Donc la prise de conscience du côté des Européens, elle est là. Maintenant, il y a plusieurs écueils à éviter dans cette recherche d’autonomie. Le premier, c’est de ne pas remplacer une dépendance par une autre. Par exemple, en se tournant vers un seul État ou une seule région du monde pour nos approvisionnements énergétiques ou en matière d’armement – je pense aux États-Unis notamment. Au contraire, c’est d’abord par la diversification de nos sources d’approvisionnement et ensuite par la réindustrialisation de ce qui peut l’être en Europe, qu’on parviendra vraiment à cette autonomie européenne.
La Commission européenne et les États ont annoncé plusieurs plans qui vont dans le sens d’une plus grande autonomie. Mais est-ce qu’on s’en donne vraiment les moyens ?
L’Union européenne, dans son action pour gérer les crises successives, est face à une difficulté existentielle : elle s’est bâtie sur l’idée que les interdépendances économiques étaient le seul facteur de paix et de solidarité possible, elle a négligé la diplomatie, la politique extérieure, la politique d’influence. Elle ne s’est pensée que comme un acteur économique et non comme un acteur géopolitique.

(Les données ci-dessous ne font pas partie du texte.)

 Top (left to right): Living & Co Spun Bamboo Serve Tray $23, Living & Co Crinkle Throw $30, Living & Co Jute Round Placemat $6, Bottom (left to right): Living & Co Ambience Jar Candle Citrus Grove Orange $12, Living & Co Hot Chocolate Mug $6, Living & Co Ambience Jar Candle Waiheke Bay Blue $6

Aujourd’hui, elle a bien conscience qu’elle doit opérer un virage à 180 degrés. Cette théorie ne tient plus à partir du moment où nos dépendances – on pense surtout à la dépendance énergétique vis-à-vis de la Russie – nous mettent en grande difficulté et nous freinent dans notre action contre la guerre.

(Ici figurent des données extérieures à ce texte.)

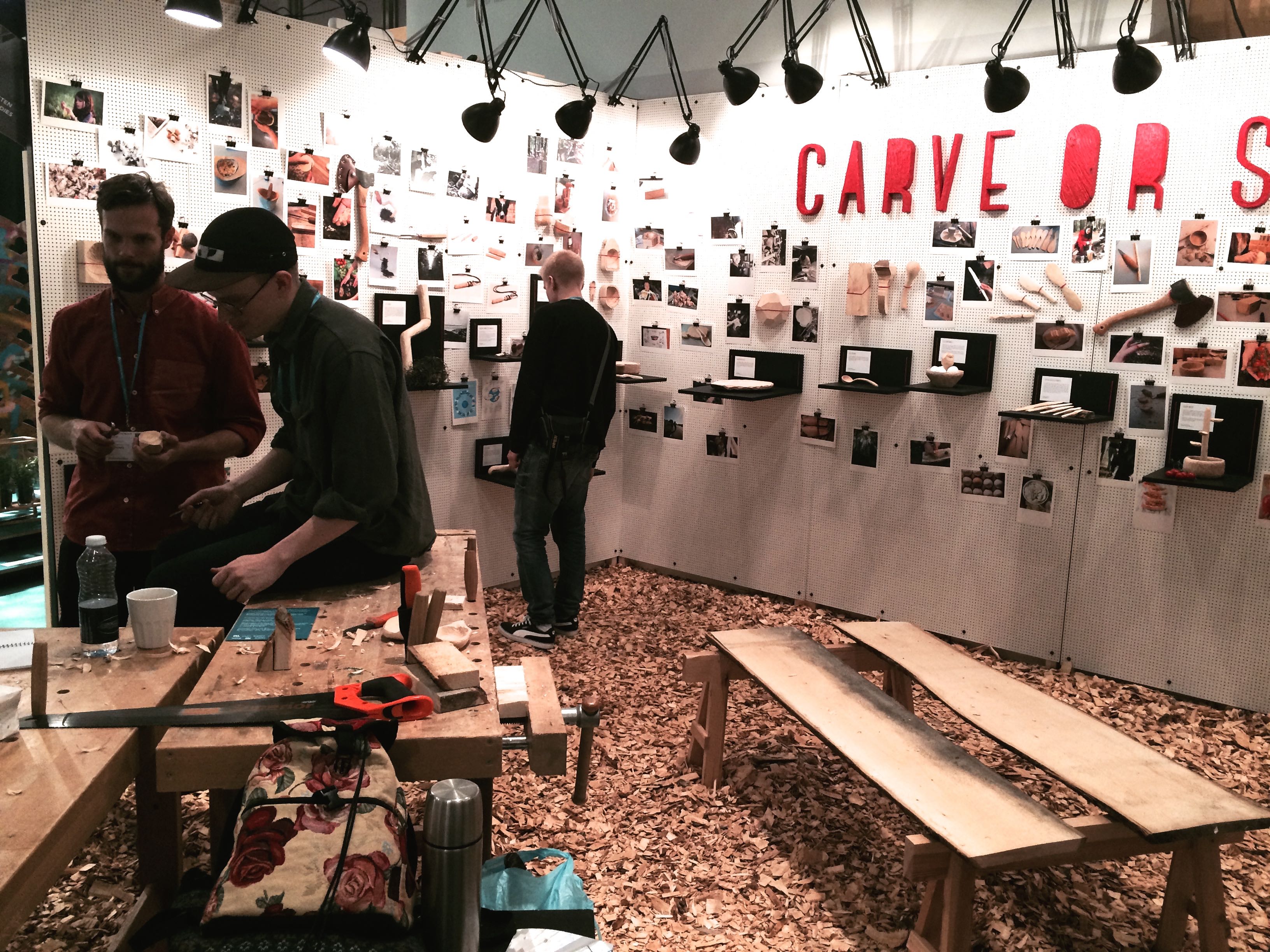 Gruset i Lomakkamontern var ett annorlunda inslag på mässan. Förra året på Möbelmässan hade Lunds universitet träspån i sin monter, minns ni det? Dom hade en hyvelbänk mitt i montern och satt där och täljde med golvet täckt av hyvel- och träspån. Doften av trä och känslan att gå där var go’. Det gillade jag också.

Il est certain que si l’UE et si les dirigeants européens s’étaient davantage pensés eux-mêmes comme des acteurs géopolitiques, ils auraient fait des choix tout à fait différents en matière industrielle, en matière commerciale, en matière de diversification de nos partenaires et de nos sources d’importations, etc. Le retard pris est immense.

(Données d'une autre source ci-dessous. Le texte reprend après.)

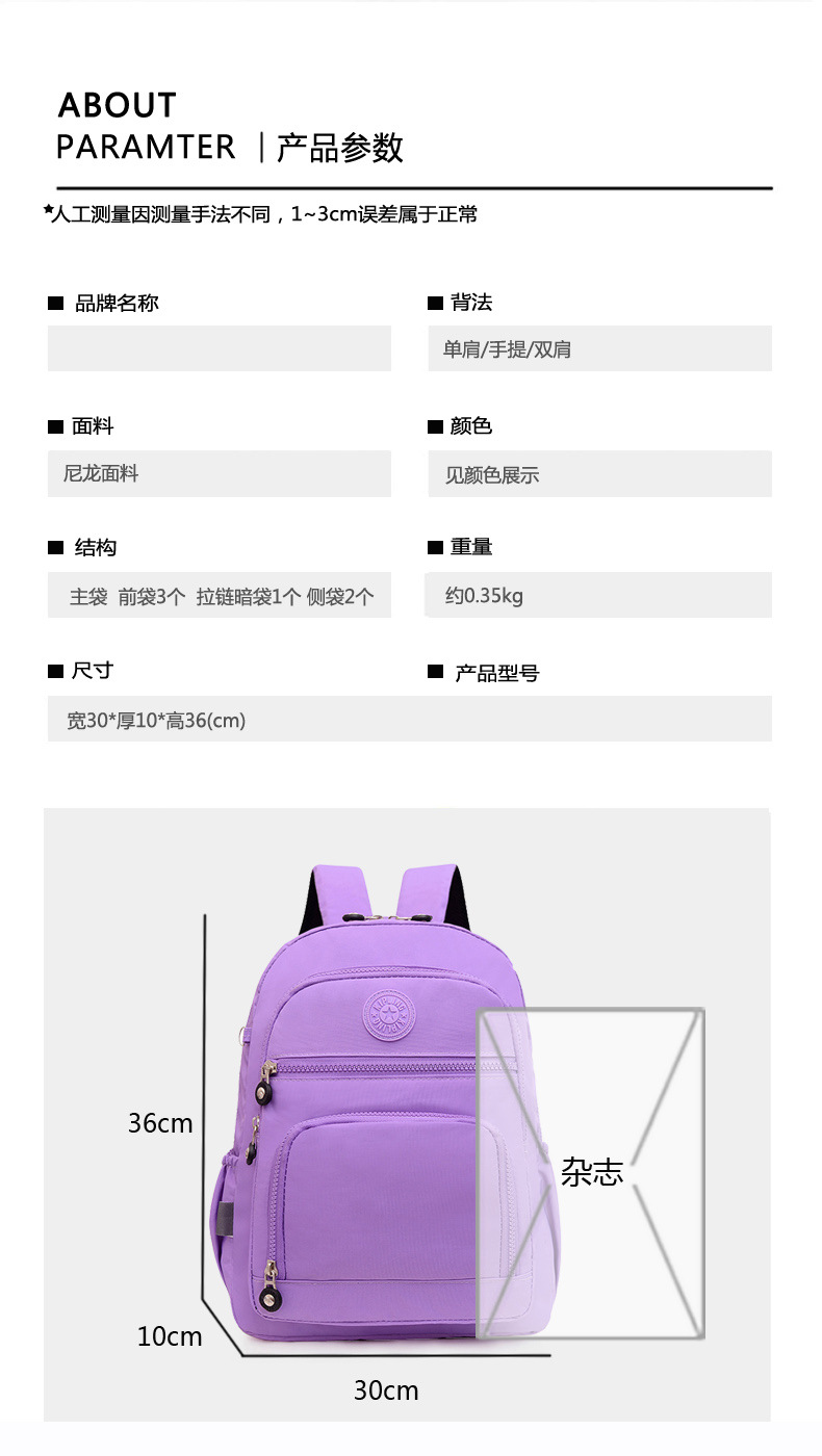 여성용 캐주얼 학생 가방 다층 대용량 심플 여행 가방 2025 신상 경량 옥스포드 천 백팩스토어 가기

Mais est-ce qu’il peut être rattrapé ?
Oui dans une certaine mesure. Les décisions de l’UE et des dirigeants européens ces derniers mois vont dans ce sens. Par exemple, quand la Commission propose des achats communs de vaccins pendant la crise sanitaire, ou des achats communs en matière énergétique et d’armement aujourd’hui dans le contexte de la guerre en Ukraine. Les objectifs environnementaux et climatiques de la Commission aussi sont tournés vers un projet de souveraineté en proposant la création de nouvelles filières, de nouvelles formations, de nouveaux emplois en Europe.
Certains disent même que l’Europe est entrée dans une économie de guerre. C’est exagéré ?
Oui un peu parce qu’une économie de guerre, c’est ce qu’a fait l’Allemagne en 1936 quand elle a réorganisé son économie en vue du réarmement, ou dans un autre registre, ce qu’ont fait les Américains en 1942 avec le Victory Program. Aujourd’hui, les États européens ont tous annoncé une augmentation significative des budgets alloués à la défense (ce qui finalement n’est qu’une manière de respecter enfin les conditions de l’OTAN...).
Mais l’économie européenne est aussi tournée vers des objectifs environnementaux forts, vers des transformations de nos modèles énergétiques et de consommation. Donc plutôt qu’une économie de guerre, je dirais qu’en Europe, on est passé à une « économie de souveraineté européenne » où on recherche enfin les moyens de ne pas subir nos dépendances mais de les penser avec une vision stratégique, même si on voit bien que les États européens ne sont pas alignés sur un grand nombre de sujets. Mais cette marche vers une « économie de souveraineté européenne », elle a démarré et il faut surtout l’encourager.